Press Y for Yuri: Nights of Azure 2

I didn’t exactly plan things this way, but for some reason the last year has seen me playing quite a few Koei Tecmo games.  Nioh, Blue Reflection, Nights of Azure, Fatal Frame III, even Metroid: Other M by a technicality.  I also have Warriors All-Stars sitting on the very short list of “up-next” games.

I’d never really paid attention to them outside of the Dead or Alive and Fatal Frame series, so I was kind of surprised to realize how much variety exists in the games they publish.

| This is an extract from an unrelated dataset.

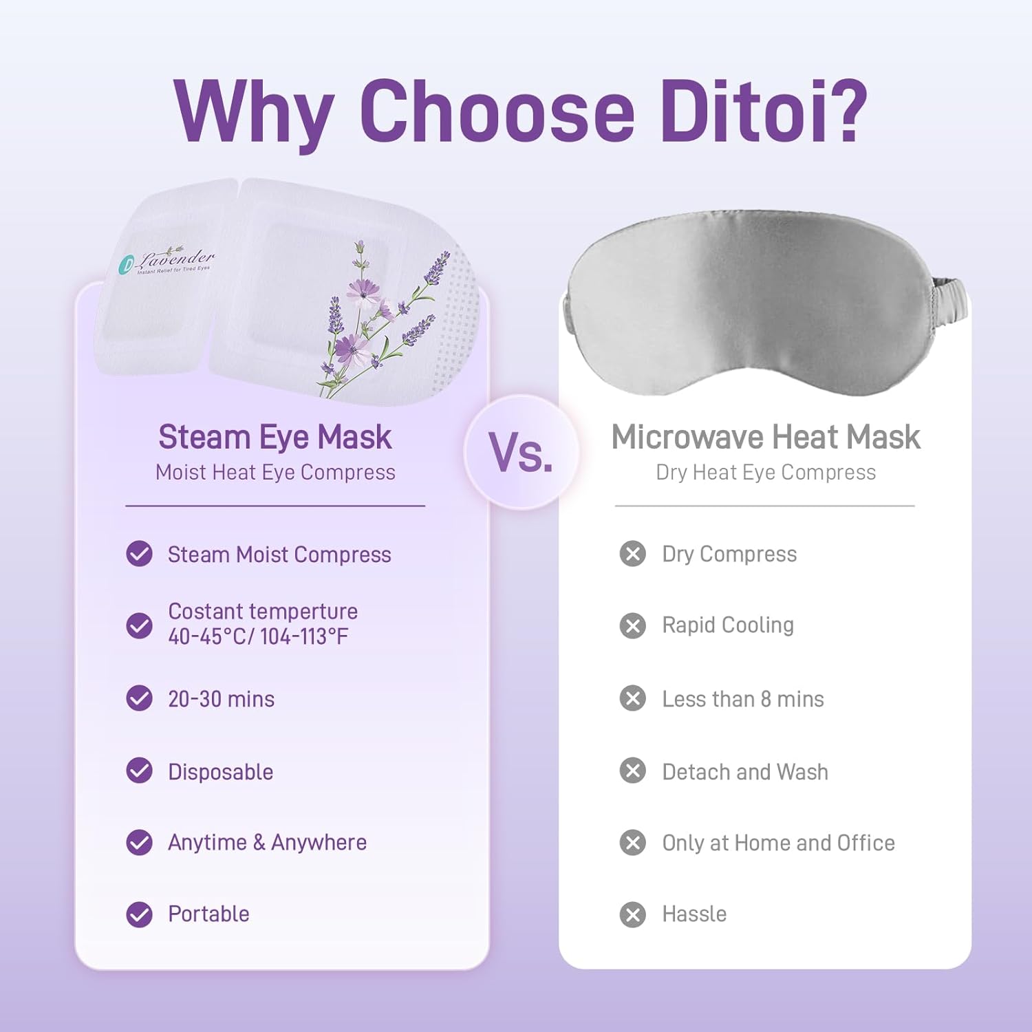 [ Eye Mask Skincare ]: The Ditoi Steam Eye Mask uses lavender essential oil, combined with steam and hyaluronic acid hot compress, to feel the fragrance of rose essential oil, allowing people to easily enter a sleep state, while providing vitality and soothing effects for tired eyes.the disposable eye masks conform to all face shapes , working seamlessly for daytime or nighttime use—whether during sleep, light naps, travel, or after a long day of screen time

So, let’s have an awkward segue here and talk about Nights of Azure 2: Bride of the New Moon – or, rather, the original game because it’s hard to talk about a sequel without its predecessor.  I played Nights of Azure in November and thought it was an awfully pretty game with some amazing costume design, a combat system that felt a little too floaty to be satisfying, and way too many different systems to keep track in what was, after all, a fairly short action RPG.  I also got a little tired of my best friend constantly running off to try to sacrifice herself to the Nightlord.

Some great news, then, in that a lot of the “why is there a ship trading simulator in my action RPG again?” systems were dropped for the sequel, your best friend doesn’t dwell TOO much on running off to sacrifice herself to the Moon Queen, and combat is greatly improved.  The first game had you running around with up to four little demon familiar pals at any given time, and some of the fights had me feeling like my best option was to stay out of the way and let my pets do a lot of the work. Not so in the sequel – while you do still have a couple of pets, they don’t feel quite so center-stage.  The most important criteria in pet selection is that there are a few kinds of gates that close off optional areas with treasure chests, and each of these kinds of gates can only be opened by a certain pet.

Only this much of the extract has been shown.